Я не стал дожидаться, пока машина покинет площадь, и решительно направился в сторону замка. Стремительно темнело. Пошел снег. На Выборг опускалась Новогодняя ночь.
В мерцающем лунном свете его чешуя отливала бурым… Словно запекшаяся кровь на судорожно вздымающихся боках загнанного зверя.
Дракон недовольно мотнул огромной рогатой башкой, неловко расправил куцые, израненные крылья и посмотрел мне прямо в глаза…
Холод…
Ледяной пронизывающий холод сковал мое тело, и я захлебнулся собственным криком…
– Какого хера???
– Так вы, Георгий Алексеевич, своим криком весь дом переполошить изволили-ссс…
Я рывком сел, одновременно стягивая с себя промокшую насквозь рубаху. Потряс головой, пытаясь сбить ошметки вязкого кошмара. Во все стороны полетели брызги. Аркашка Баженов, устроившийся в кресле у потухшего камина, недовольно скривился.
– Весь дом, говоришь… – протянул я и бросил взгляд на огромного детину, застывшего в изножье кровати с пустым ведром в руках. Рядом стояло второе. Еще полное.
– Почти… – Аркаша непринужденно махнул рукой, и детина отступил к скрытому тяжелой портьерой окну. Но не ушел.
– Все равно, это варварство, Аркадий Иваныч! – заметил я и устало потер виски.
– А так орать – не варварство? – Рыжая бровь моего ночного гостя, а точнее – хозяина, издевательски поползла вверх. – Лизка разбудила Петьку, Петька разбудил охрану, охрана подняла меня. Ты чего орал, припадочный?

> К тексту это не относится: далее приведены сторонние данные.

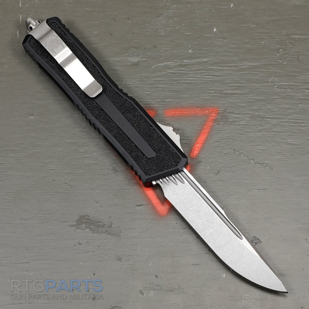 Microtech Scarab II Gen III, S/E OTF, Automatic Knife, Black, Stonewash, (3.9 Inch), Drop Point, M390MK, Made in the USA, 1278-10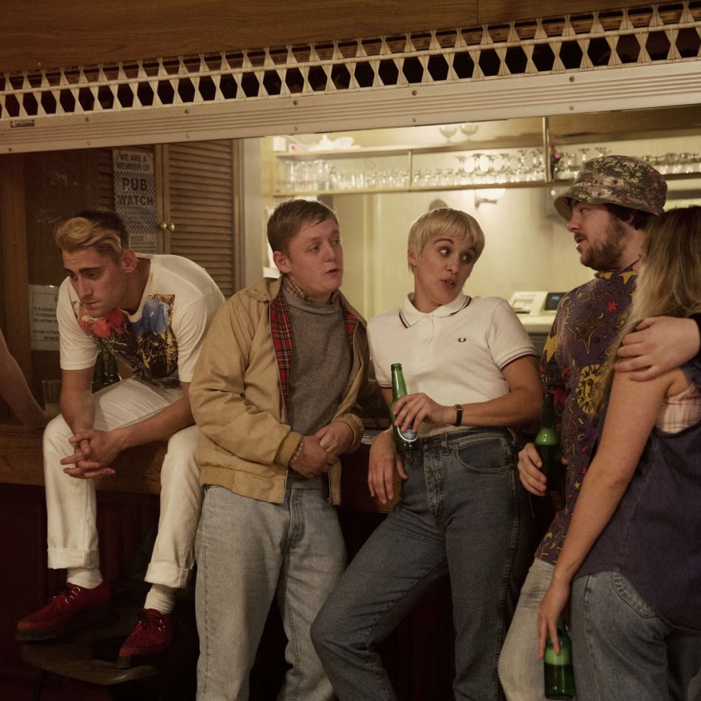 Кадр из фильма Шейна Медоуза This Is England ’90 — знаковая сцена с вечеринки, где играют Happy Mondays: эпизод позволяет оценить степень влияния группы на британскую молодёжную культуру рубежа 80-90-х. Источник |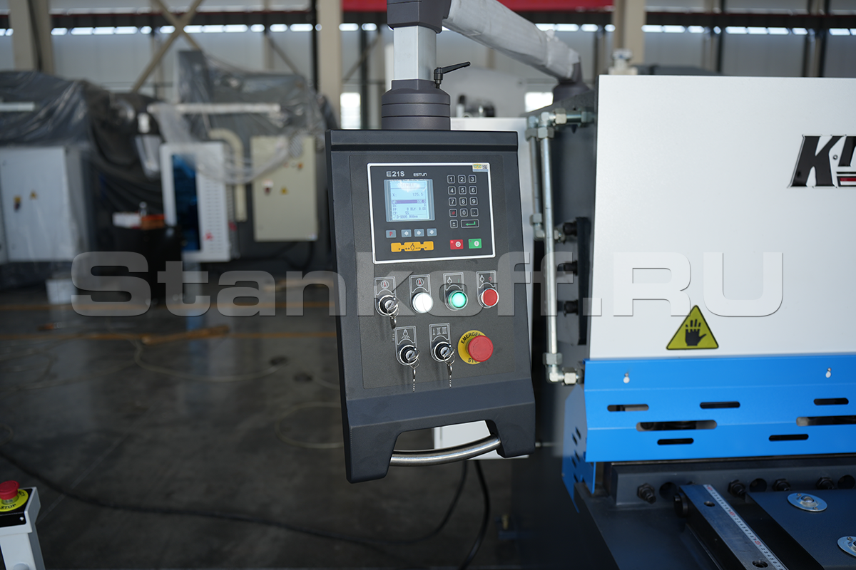 Реализует строго вертикальное (прямолинейное) перемещение ножевой балки, что упрощает конструкцию и снижает затраты на механизм резки. При этом ключевые параметры процесса — угол атаки (скоса) и зазор между ножами — регулируются индивидуально и автоматически, что расширяет диапазон применяемых материалов и повышает качество реза.Контроллер Estun E21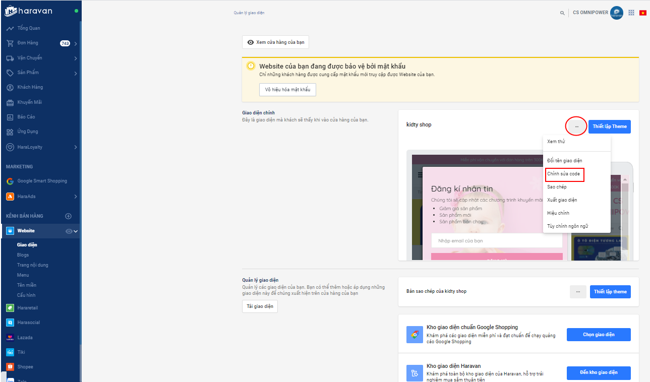 Nhà bán hàng vào Trang quản trị -> Website -> Giao diện -> Chỉnh sửa code.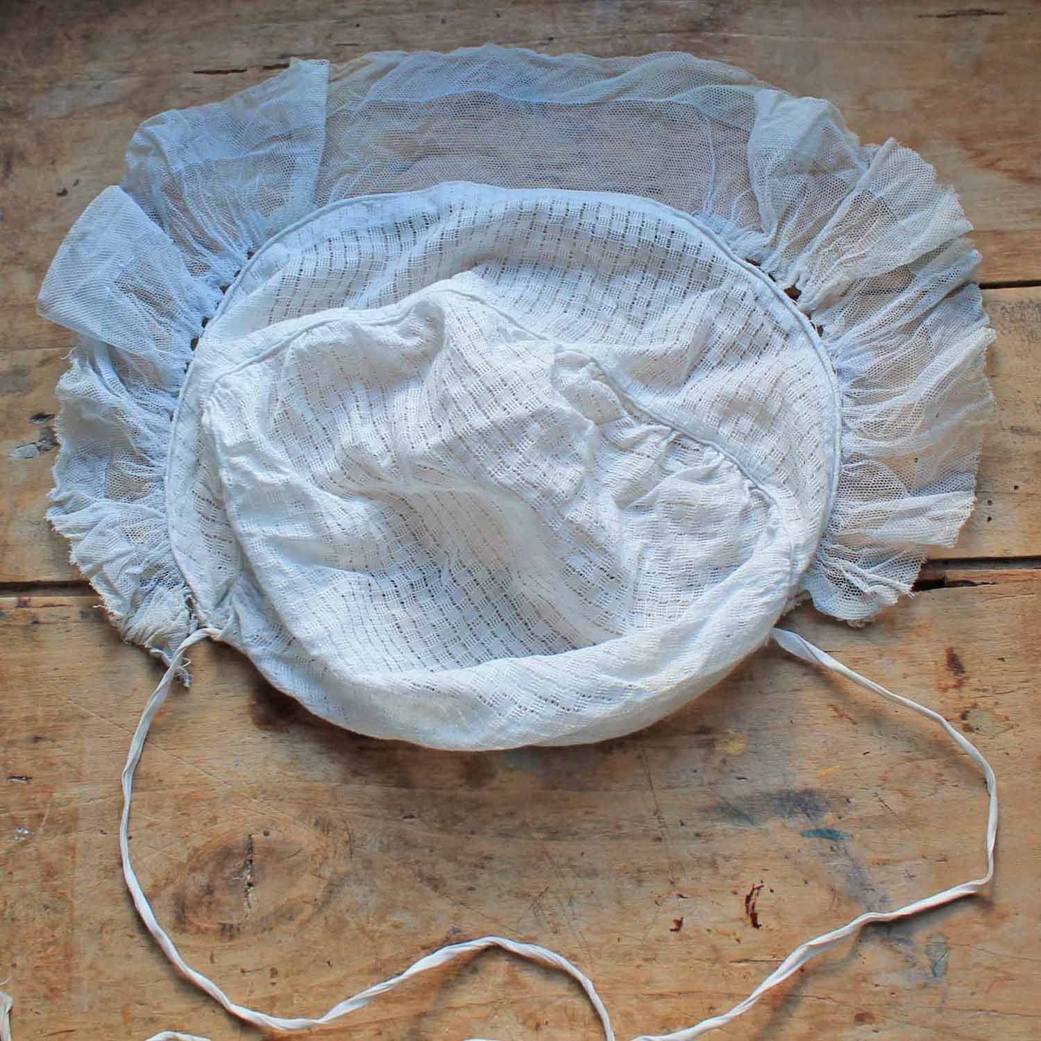 100年ぐらい前の古いボネ。大人用です。古いものなので多少のシミ、汚れがありますが、切れはありません。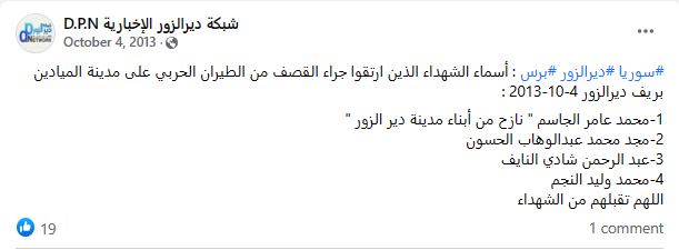 وذكر "مركز حقوق الإنسان في دير الزور" مقتل العنصر في "حركة أحرار الشام" محمد خليفة العليوي تحت التعذيب في سجون النظام بعد اعتقاله مصابًا على إحدى جبهات القتال في محافظة الحسكة.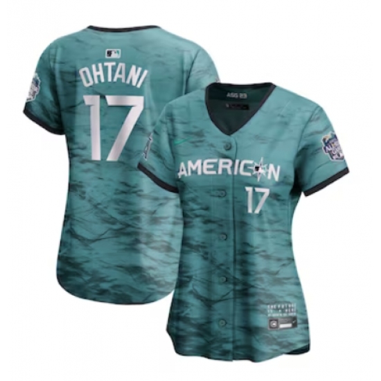>Women's American League #17 Shohei Ohtani Nike Teal 2023 MLB All-Star Game Limited Player Jersey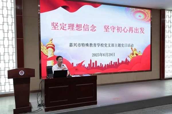 為進一步加強黨員黨性鍛煉,嚴守政治紀律和政治規矩。近日,嘉興市特殊教育學校黨支部組織全體黨員來到嘉興市建筑工業學校,開展“堅定理想信念,堅守初心再出發”主題黨日活動,校黨委書記、校長范曉春參加此次活動,并為嘉興市特殊教育學校全體黨員講授專題黨課。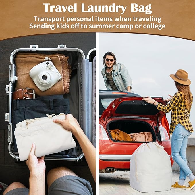 - MULTI-USE CANVAS STORAGE BAG: Convenient as a dirty clothes bag, laundry basket liner, laundry hamper bag, hamper liner, dustproof storage bag, sleeping bag storage sack, college dorm laundry bag, or laundry bag for hotels and dry cleaning stores

Аркадий замолчал, ожидая моего ответа, но я упрямо закусил губу и уставился на стальные колечки в его правой брови. Одно… два… три…пять…
– Демидов?! Ау! Говорить будем? Или как? – пропел Баженов и помахал перед моим лицом ладонью. – Гошка! Ну в самом деле, сколько можно?
– Столько, сколько нужно… – буркнул я в ответ.
– Это неконструктивно!
– Знаю, – отмахнулся я от друга и бухнулся на сырую постель. Спину обожгло холодом, кожа моментально покрылась мурашками. И больше ничего. Огня, пусть еле тлеющего, но такого привычного, больше не было. Только холод. Только боль. Тянущая, изматывающая пустота, не позволяющая сделать глубокий вдох.
Черт возьми, я умирал! Медленно. Гораздо медленнее, чем мой отец. Но это было именно так. И врут все те, что говорят иначе! Просто они не теряли… Никогда не теряли себя!
Глухое отчаяние привычно затопило разум. И я даже не сделал попытки его побороть.
– Демидов! Я говорил тебе, насколько ты меня бесишь? – Рыжий одним плавным движением поднялся и мгновенно оказался у моей кровати. Силу хранителя он не сдерживал. Наоборот, бахвалился. Беззастенчиво давил, пер напролом, заставляя меня поднимать щиты. Только щитов больше не было. Я лениво потянулся, демонстрируя свое спокойствие, а сам мысленно сжался, приготовившись принять ментальный удар.
Но его не последовало.
Тяжёлый кулак впечатался мне в челюсть, голова против воли мотнулась в сторону, я сердито рыкнул, слизнув с разбитой губы горячую кровь, и вскочил на ноги, принимая боевую стойку. Аркашка плотоядно оскалился и уже не стесняясь пошел в атаку. От левого джеба я увернулся, поднырнул под локоть, пробивая прямым ударом солнечное сплетение противника. Баженов рвано выдохнул, приняв удар на железный пресс и, перехватив мою руку, потянул на себя, одновременно проводя подсечку. Я завалился назад, но успел схватить рыжего за грудки. Он рухнул сверху, всей массой придавив меня к паркету. Поджарый, но тяжелый, зараза. Ухмыльнулся и… Нахально щелкнул меня по носу. И только потом перенес вес на руки, даруя свободу.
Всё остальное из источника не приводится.